For improving sleep, the most important beats are in the delta, which are the slowest brain waves and produced in stage 3 of sleep, also known as delta sleep or slow-wave sleep (SWS). Some have questioned whether any music would act as white noise, which may improve sleep, but one study found that white noise only didn't have a positive effect on sleep, nor REM brain-wave music, but slow-wave sleep-brain music had a positive influence on sleep quality and reduced sleep latency (the time it takes to go fall asleep).

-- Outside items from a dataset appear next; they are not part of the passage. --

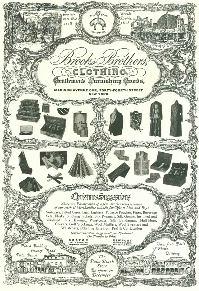 The Dec. 10 and Dec. 17 issues grew fat with holiday advertising, averaging 120+ pages as opposed to the usual 60 or so pages. The advertisements mostly appealed to upscale readers, ranging from this almost Victorian-style ad from the staid Brooks Brothers…
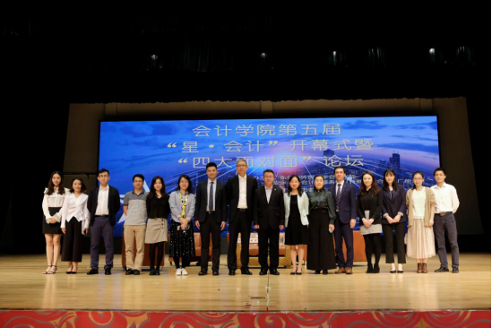 2019年3月21日下午,伟德bv国际体育会计学院和安永华明会计师事务所(特殊普通合伙)广州分所共同主办第五届“星•会计”学术文化节开幕式暨“四大面对面”论坛在南校区大会堂举行。会计学院党委书记谢伟光、党委副书记杜焕君、校团委龙飘飘、各兄弟学院团委书记和辅导员,安永华明会计师事务所审计合伙人黄寅先生、毕马威华振会计师事务所税务合伙人何莹女士、普华永道中天会计师事务所审计高级经理杜维伟先生、德勤华永会计师事务所税务高级经理林健涛先生,山东财经大学会计学院党委副书记付亚、教研室主任张彦国、团委书记于苗等嘉宾出席开幕式。
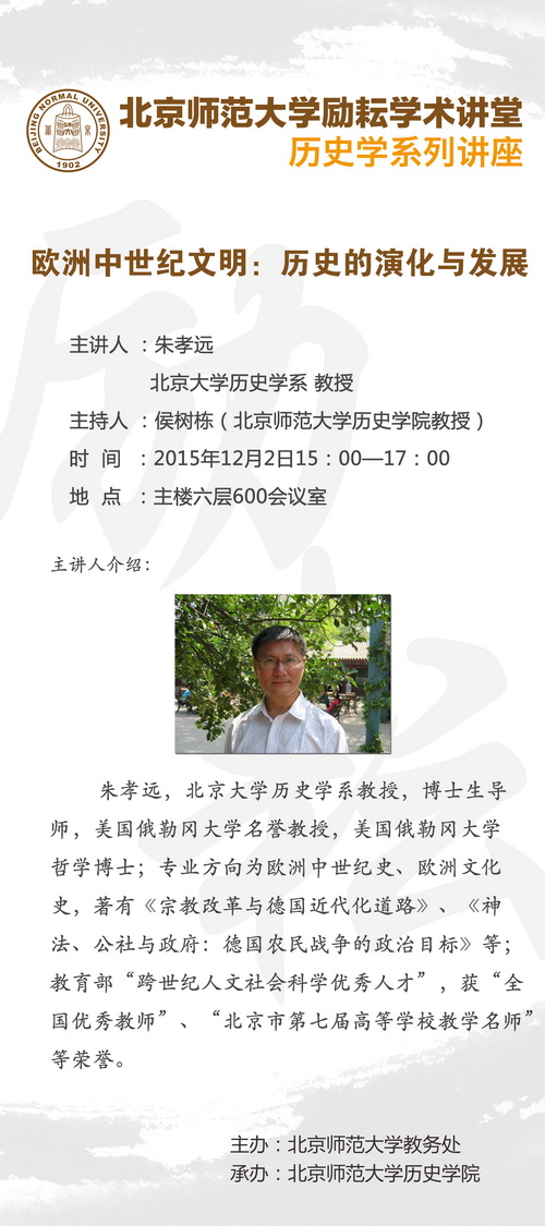【励耘讲堂】朱孝元:欧洲中世纪文明:历史的演化与发展
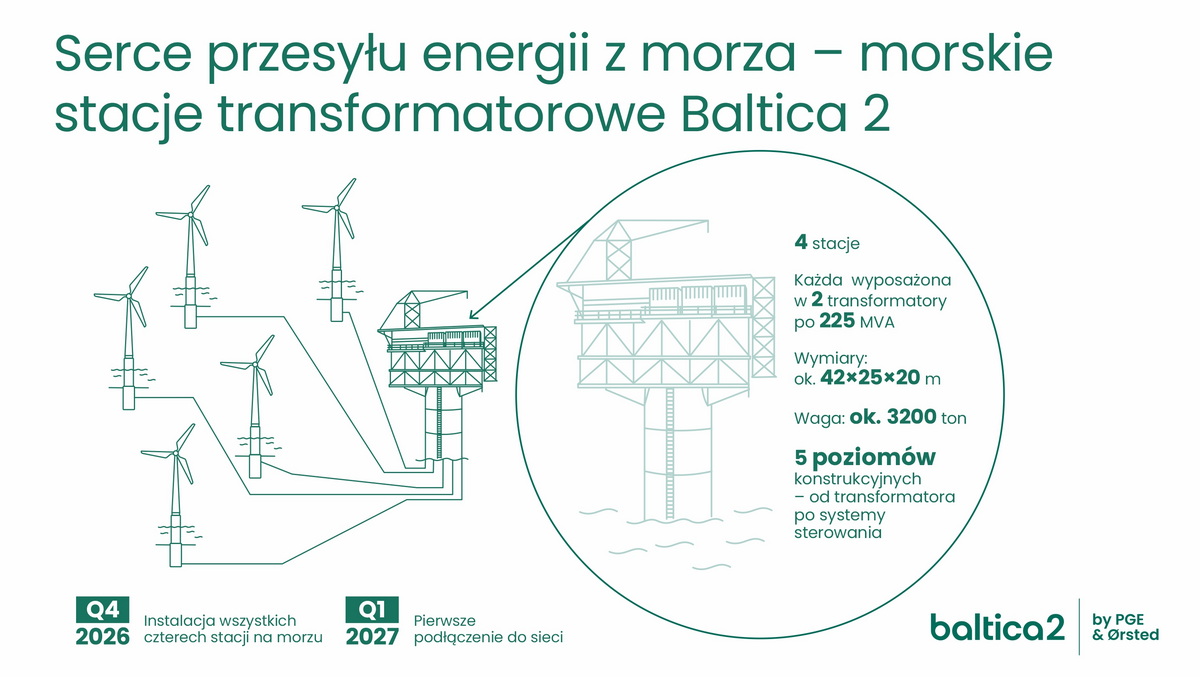 - Morska stacja elektroenergetyczna to tzw. serce farmy wiatrowej. Te olbrzymie konstrukcje mają kluczowe znaczenie dla zapewnienia wydajności morskiej energii wiatrowej, ponieważ umożliwiają przesył energii z turbin, które dla projektu Baltica 2 będą umiejscowione około 40 km od brzegu morza. Instalacja pierwszego transformatora to symboliczny moment pokazujący, że produkcja kolejnych ważnych komponentów dla największej morskiej farmy wiatrowej w Polsce przebiega zgodnie z harmonogramem i najwyższymi standardami bezpieczeństwa – powiedział Ulrik Lange, dyrektor zarządzający projektu Baltica 2 w Ørsted.
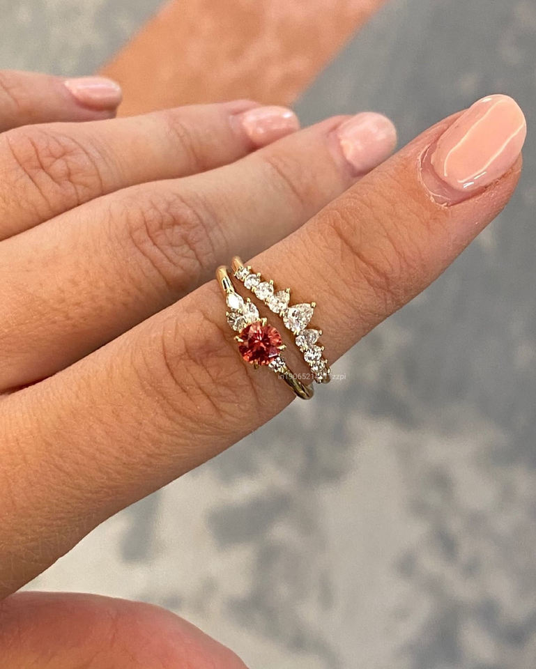 แหวนแต่งงานแบบโค้งลายอาร์ตเดคโคโรสีทอง14K พร้อมลูกแพร์0.45กะรัตและหินกลมเรียงซ้อน
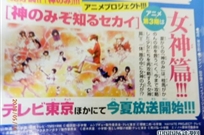 本年度第24号《少年周刊Sunday》刊物上正式确认了即将在7月开始放送的第3季《只有神知道的世界》的故事主线,第3季将进入原作漫画第7卷开始的长篇“女神篇”。作为「周刊少年SUNDAY」作品动画化企划之一的「只有神知道的世界」动画第3期,近日确定了具体的播出时段。在推特中,有F...
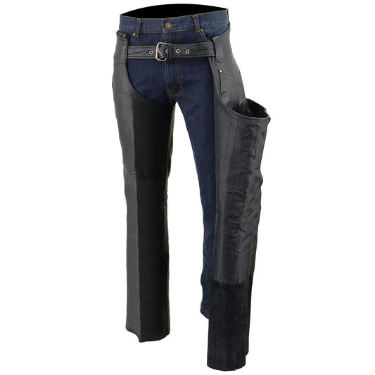 Men's Black Leather Chaps with Slash Pocket and Thermal Liner
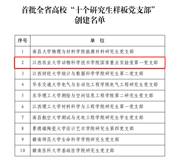 欧冠动物科学技术学院国家重点实验室第一党支部获批创建首批全省“研究生样板党支部”

There are 3 different ways to listen to these beats:
- Isochronic tones: Single tones that repeat in a rhythmic pattern that don't require headphones.
- Binaural beats: Listening to binaural beats requires earbuds or headphones as it entails hearing one tone in one ear, and another in the other that's a different frequency, making your brain process a beat at the difference of the frequencies, creating an "auditory illusion." If for example one ear hears a 330 Hz tone, and the other a 300 Hz tone, your brain will perceive 30 Hz. A few small studies have indicated the potential for binaural beats to lengthen stage 3 sleep, increasing the amount of deep sleep, improving sleep quality, and reducing anxiety.
- Monaural beats: Two tones of similar frequency are combined and presented to one or both ears. No headphones are required. Its similar to binaural beats in that your brain perceives the two frequencies as one beat.